Евреи в России: XIX век - Генрих Борисович Слиозберг
Шрифт:
Интервал:
Закладка:
Трахтенберг пользовался необычайной любовью и уважением в среде сенаторов и неизбежно имел большое влияние на решения самых дел. Неудивительно поэтому, что параллельно с этим влиянием, которым Трахтенберг обязан был своим личным качествам, росло и число завистников и недоброжелателей. В уголовных делах часто фигурируют две стороны, из которых одна всегда обижена решением дела в суде, и раздражение свое, по старой российской привычке, переносит на лиц, участвовавших в решении дела. Суды тогда еще недавнего прошлого приучили обывателя видеть в них черную неправду; новые суды еще не успели отучить его от уверенности, что без взятки суда не бывает. Жертвой этой привычки пал Трахтенберг. Про него стали распространять слухи о корыстном влиянии на разрешение одного дела, в исходе которого заинтересован был какой-то богатый купец.
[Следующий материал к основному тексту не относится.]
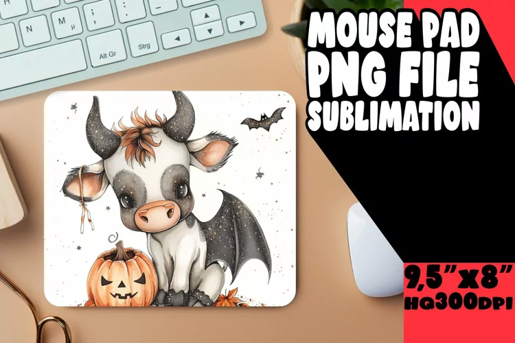 Cute Halloween Cow Mouse Pad Art Design example image 1
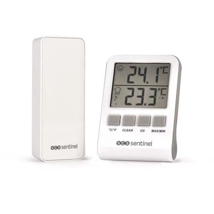 SCS SENTINEL DigiThermo HCN0062 - Thermomètre numérique intérieur/extérieur - Portée 60 m - 433 MHz - Blanc
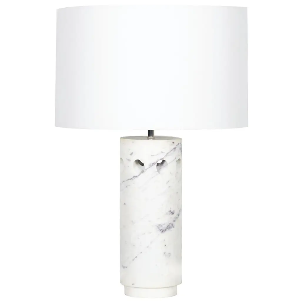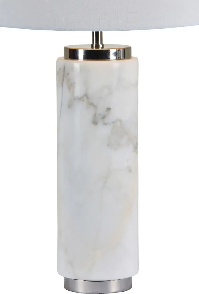 The stately design of this modern table lamp feels statuesque on tabletops throughout the home. A white marble lamp base adds the perfect element of antiquity without feeling old fashioned, thanks to a satin nickel-plated accents and off-white linen drum lampshade. Soft gray veining throughout the base makes this natural stone lamp is a graceful addition to grand interior spaces.Number of Bulbs: 1Bulb Type: E26Wattage: 100Bulbs Included: No
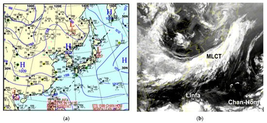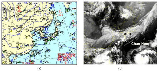 As shown in Figure 3, except for (a) surface pressure chart (hPa) and (b) COMS-IR satellite image, at 09:00 LST, 10 July 2015. STS Linfa’s circulation weakened to a low pressure (L; 1000 hPa, finally dissipating, because of its strong interaction with TY Chan-Hom and the friction of the inland and shallower sea depth.
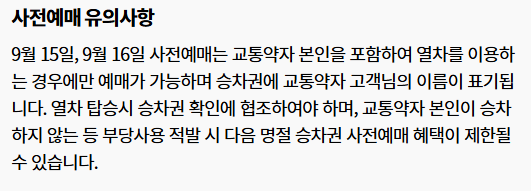 - 잔여석: 9/11 15:00부터 앱·홈페이지·역창구에서 상시 구매 가능. 결제 시작 9/11 17:00, 마감(일반 ~9/14, 사전 ~9/17).
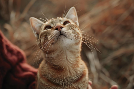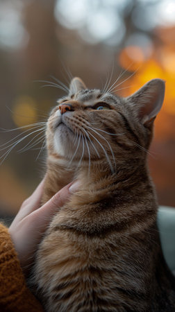 tabby shorthair cat getting stroked by female hand outdoors in the autumn forest
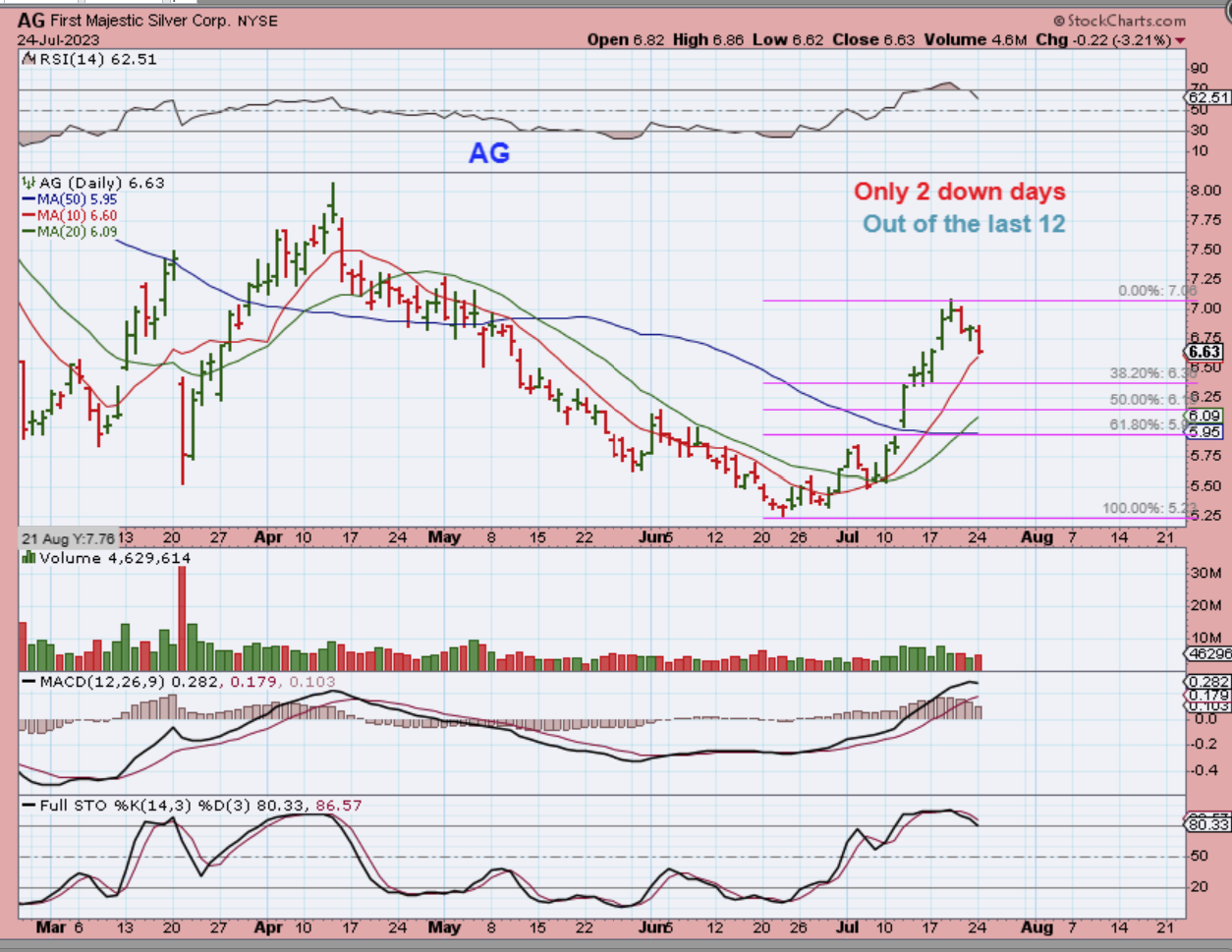 AG has only had 2 real down days. It is at the 10sma, and holding up exceptionally well.
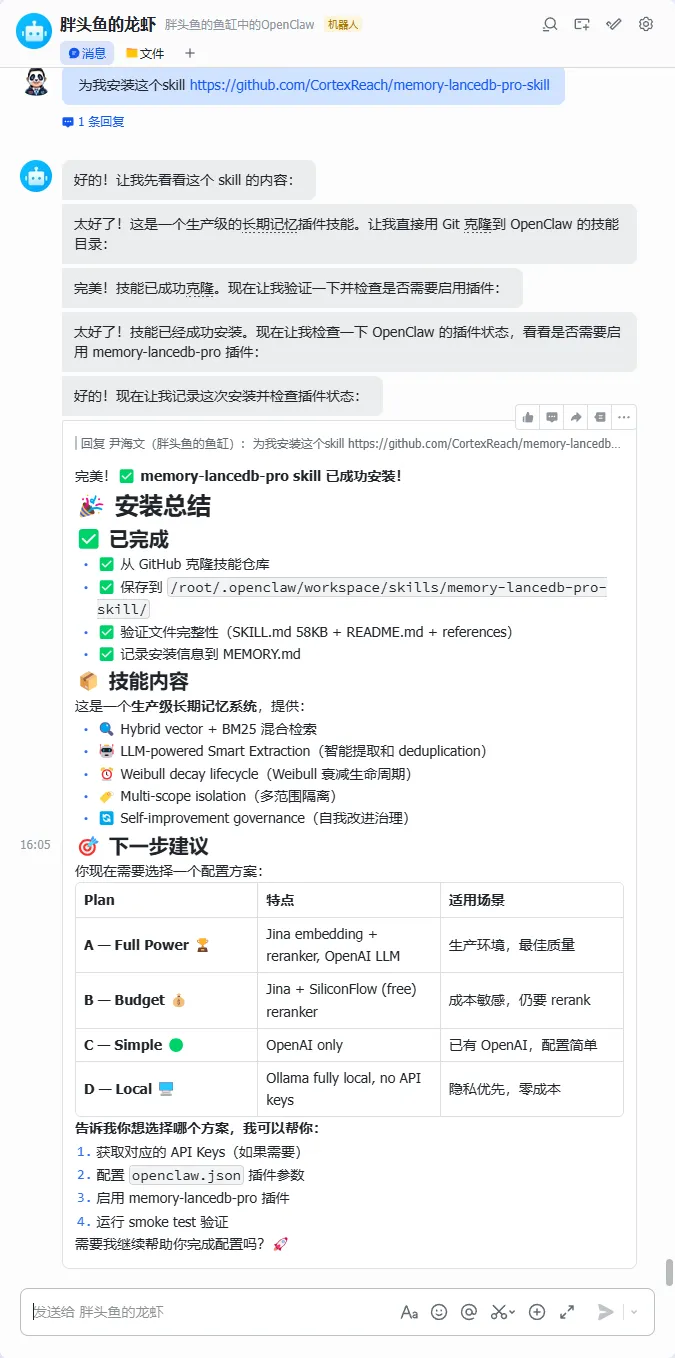 在使用OpenClaw过程中,因各种原因丢失记忆是非常烦人的一件事,是否可以非md文件的其他方式来存储记忆,可能是一个比较好的方案,因此我尝试了使用memory-lancedb-pro这个Skill/Plugin来作为记忆体解决记忆问题。
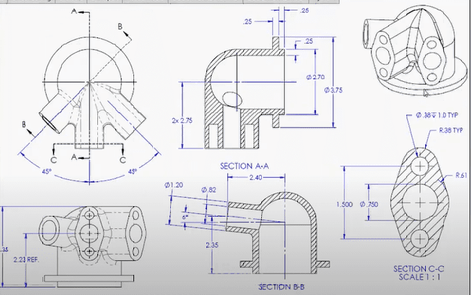جزء ميكانيكي تم رسمة بواسطة برنامج السوليد ورك
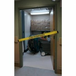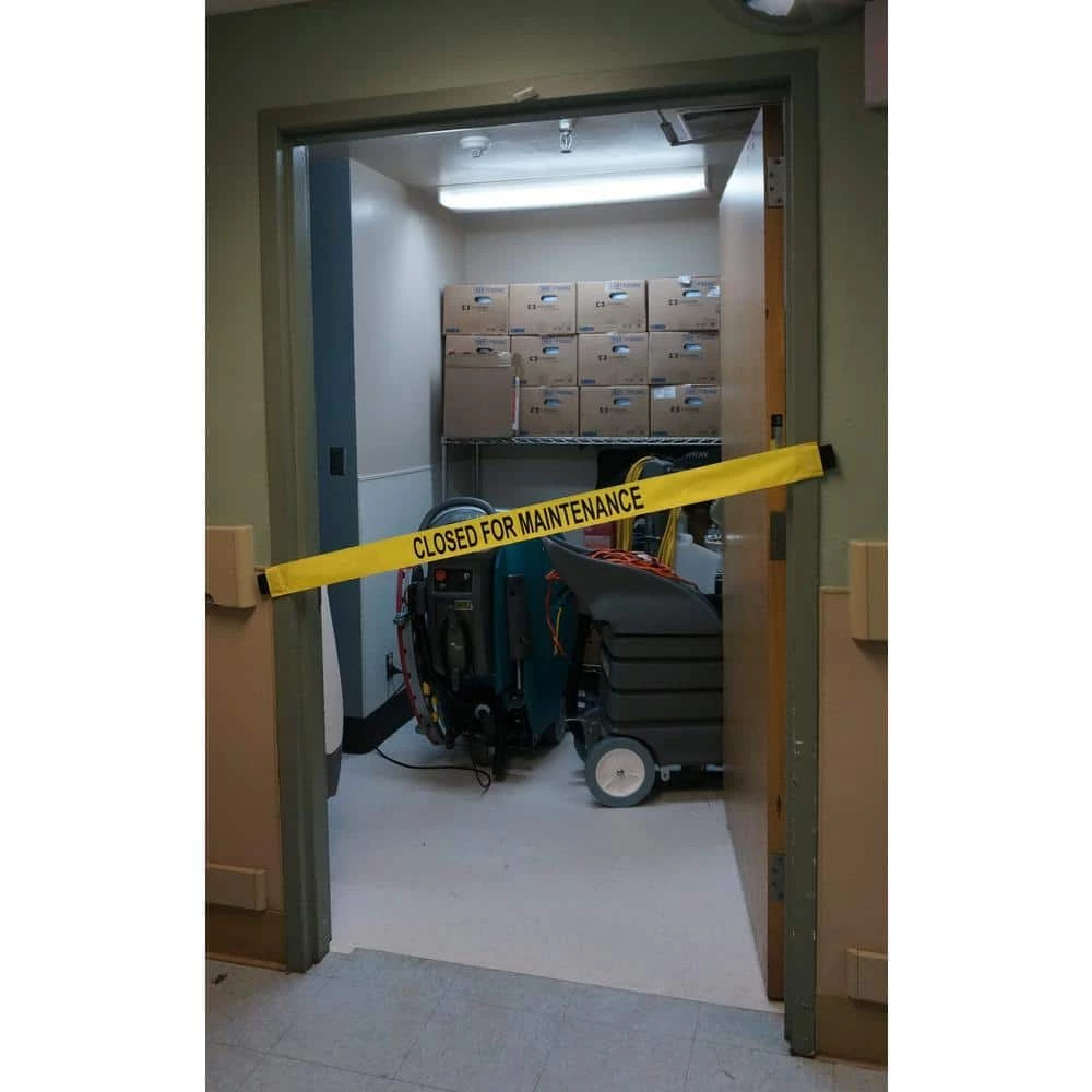 The Magnetic Door Barrier is a banner style door barricade by UtiliMate, LLC. All of our products are fabricated with durable rot-resistant nylon materials and exceptionally strong magnetic ends. The door barricade comes with a built-in magnetic device on each end of the unit. Simply attach these magnetic ends to the metal frames of an opened doorway to prevent patrons from walking into a room, it’s very effective and easy to use. When finished simply pull the door barricades black tabs towards you until the unit detaches itself from the metal framed doorway. Roll up the space saving safety sign and store it your tool box or push cart. The door barricade is lightweight and very simple to use, it’s one of those straightforward products that just works.
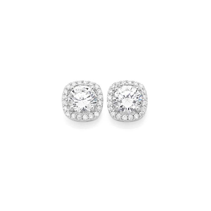 Sterling Silver Cushion CZ Frame Stud Earrings 1605103
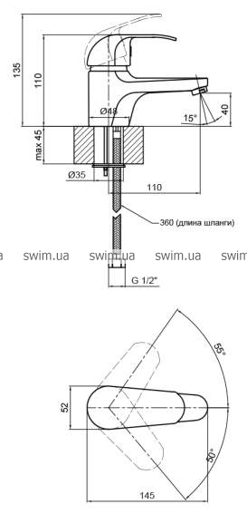 - Диаметр подключения 1/2"
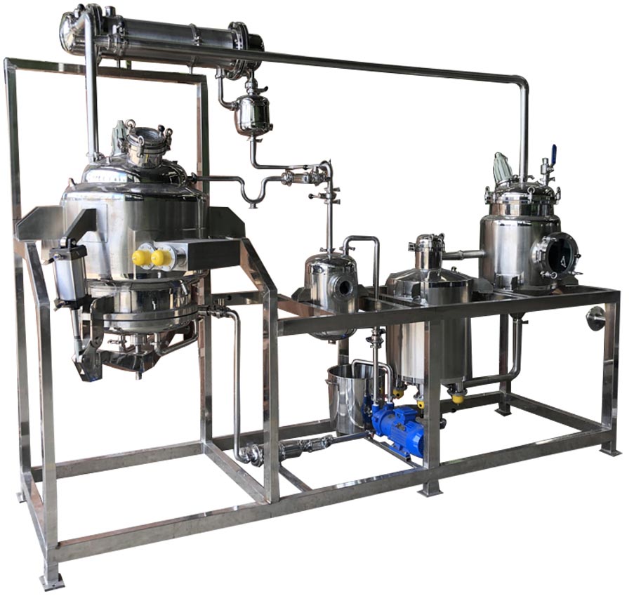 將藥材投入提取罐內(nèi),加藥材的5~10倍的溶媒如水、乙醇、甲醇、丙酮等(據(jù)工藝要求)。開(kāi)啟提取罐直通和夾套蒸汽閥門(mén),使提取液加熱
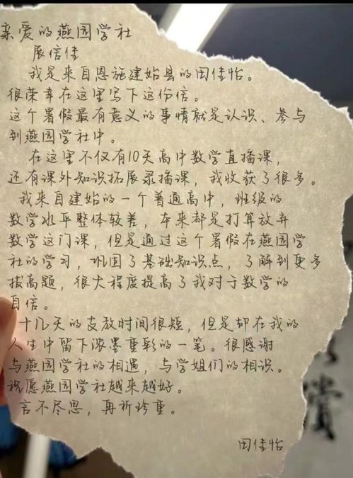 (通讯员:舒永芳 陈元)8月22日,燕园学社收到了这样一封来信:“亲爱的燕园学社,展信佳,我来自恩施自治州建始县,很荣幸在这里写下这封信。这个暑假最有意义的事情就是认识、参与到燕园学社云支教当中……”这封信来自第五届燕园学社云支教的线上听课同学田佳仪。
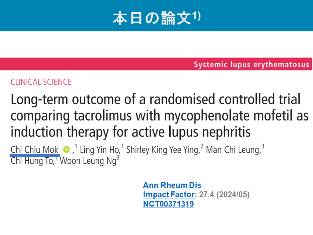 Mok CC, Ho LY, Ying SKY, et al. Long-term outcome of a randomized controlled trial comparing tacrolimus with mycophenolate mofetil as induction therapy for active lupus nephritis. Ann Rheum Dis. 2020 Aug;79(8):1070-1076.
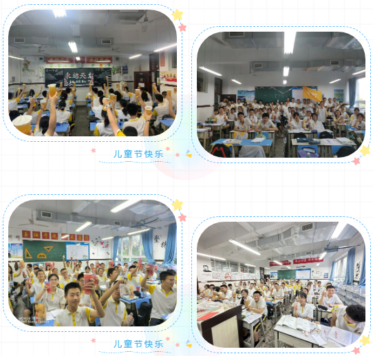 在各班主任的精心策划和家长的全力支持下,各班儿童节活动丰富多彩,每一份礼物都饱含着对同学们的关爱,为他们庆祝专属的节日。教室里一时间热闹非凡,有的班级举办美食分享会,在吃吃喝喝中分享快乐;有的班级玩起了各种童年游戏,让大家重温童年;有的班级许下愿望,放飞梦想;同时不忘将这份快乐分享给老师们,邀请老师到班级参加活动,亦或把自己的小零食放到老师办公桌上。随处可见同学们灿烂的笑脸,儿童节,该是这样肆意与烂漫。在激情四溢的活动中,他们用欢笑与热情向童年挥手,褪去稚气,却又不忘童真,迎来青春,迎来成长。
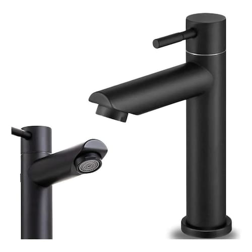 2X Torneira Lavatório Preta Água Fria Aço Inox Fosca Banheir
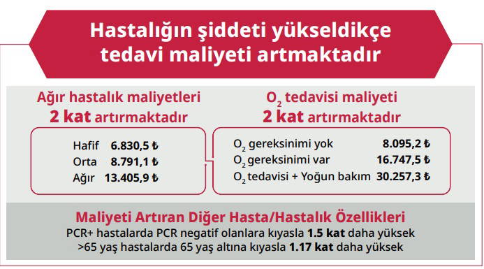 - Hastalığın şiddeti arttıkça maliyetlerin de arttığı tespit edildi. Şiddetli Covid-19 hastalarında ortalama maliyetler, belirti göstermeyen, hafif şiddetli ve orta derece şiddetli Covid-19 maliyetlerinden çok daha yüksek gerçekleşti.
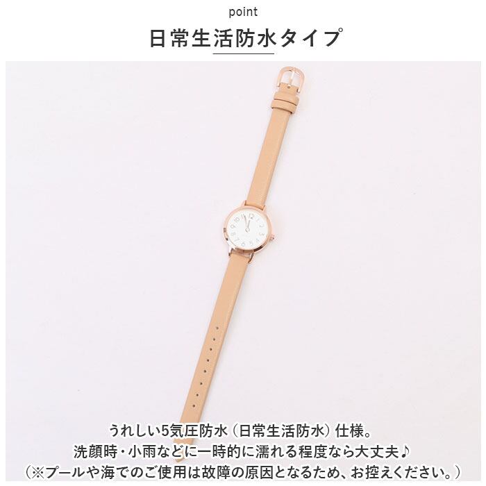 ・うれしい5気圧防水(日常生活防水)仕様。洗顔時・小雨などに一時的に濡れる程度なら大丈夫♪(※プールや海でのご使用は故障の原因となるため、お控えください。)
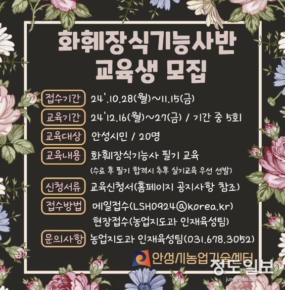 (정도일보) 안성시농업기술센터는 오는 11월 15일까지 화훼장식기능사 필기과정 교육생을 모집한다.
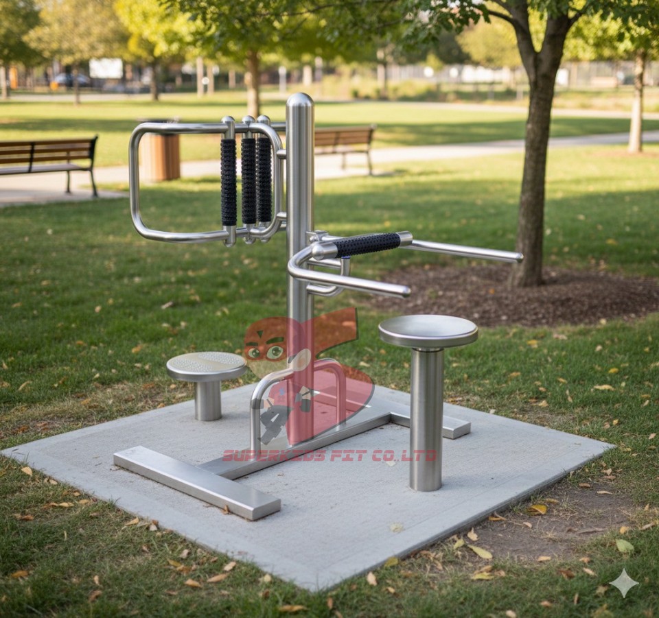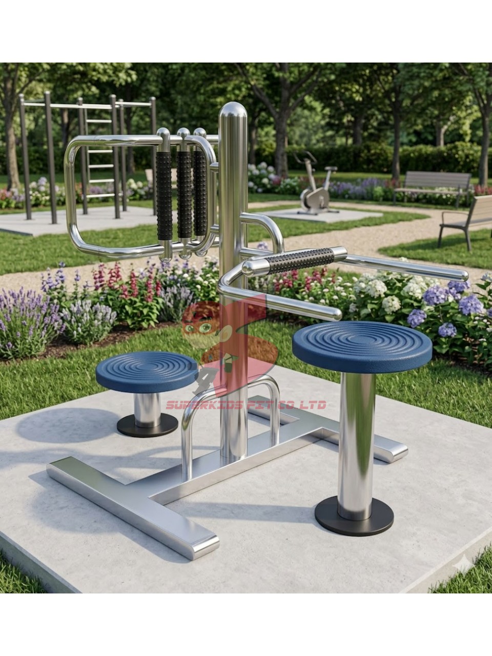 เครื่องออกกำลังกายสแตนเลสกลางแจ้งแบบ 2 สถานี
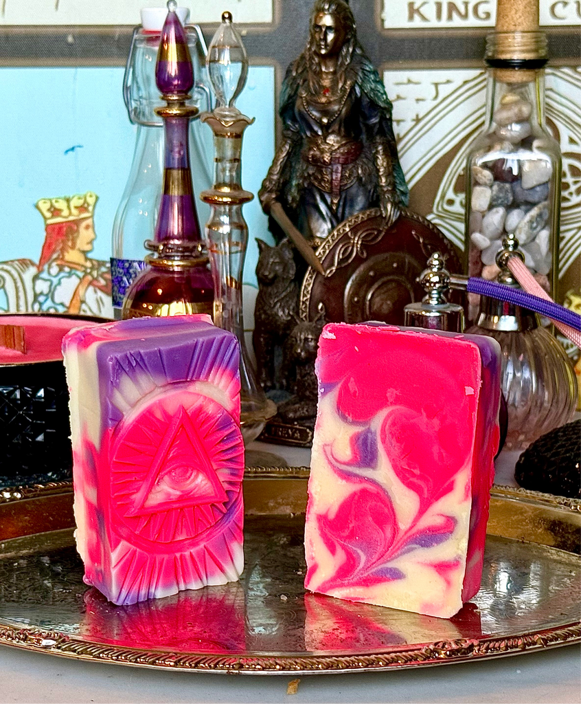 Introducing our Strawberry Blend, Eye of Horus Soap conjuring. Poured in a potent blend of Coconut, Castor, Sweet Almond, Olive, Palm, Canola, & Vitamin E, Oils, extracted sustainably, & stringently refined for purity, before being pigmented with flower based colorants only. Our Strawberry Moon blend is fresh scented in an enchanting blend of bergamot, cucumber, lemon, jasmine & violet blossoms with bottom notes of tree sap, cashmere & musk.

Трахтенберг должен был выйти в отставку и посвятить себя вольной адвокатуре. Но и тут встречено было затруднение: петербургский совет присяжных поверенных не принял его в сословие именно ввиду этих слухов о причинах оставления Трахтенбергом должности обер-секретаря; в число присяжных поверенных он был принят Виленским окружным судом — там самоуправление сословия присяжных поверенных еще не было введено, и принятие в число адвокатов зависело от окружного суда. В судебном ведомстве имя Трахтенберга было настолько популярно, что слухи о неблаговидном поводе его отставки не имели большого влияния на отношение к нему. Но, хотя он обладал всеми данными, необходимыми для того, чтобы занять место в первом ряду адвокатуры, Трахтенберг, проведший столько лет в атмосфере канцелярской судебной работы, не был приспособлен для адвокатского успеха. Необычайно скромный, избегавший всякой рекламы, непрактичный и вообще несколько легкомысленный в практической жизни, он не сумел использовать ни своих знаний, ни своего дарования, ни своего положения, ни даже связей, которые ему создала его бывшая служба, и расположения к нему всех его знавших. Он не сделал адвокатской карьеры, не в пример некоторым из его сослуживцев-евреев, одновременно с ним состоявших на сенатской службе, как, например, Э.Б. Банку. Ему пришлось оставить Петербург, переселиться в Самару; но и здесь также дела его были плохи; он вернулся опять в столицу и, надломленный жизнью, расстроенный в своем здоровье, скончался еще в полном расцвете умственных и духовных сил.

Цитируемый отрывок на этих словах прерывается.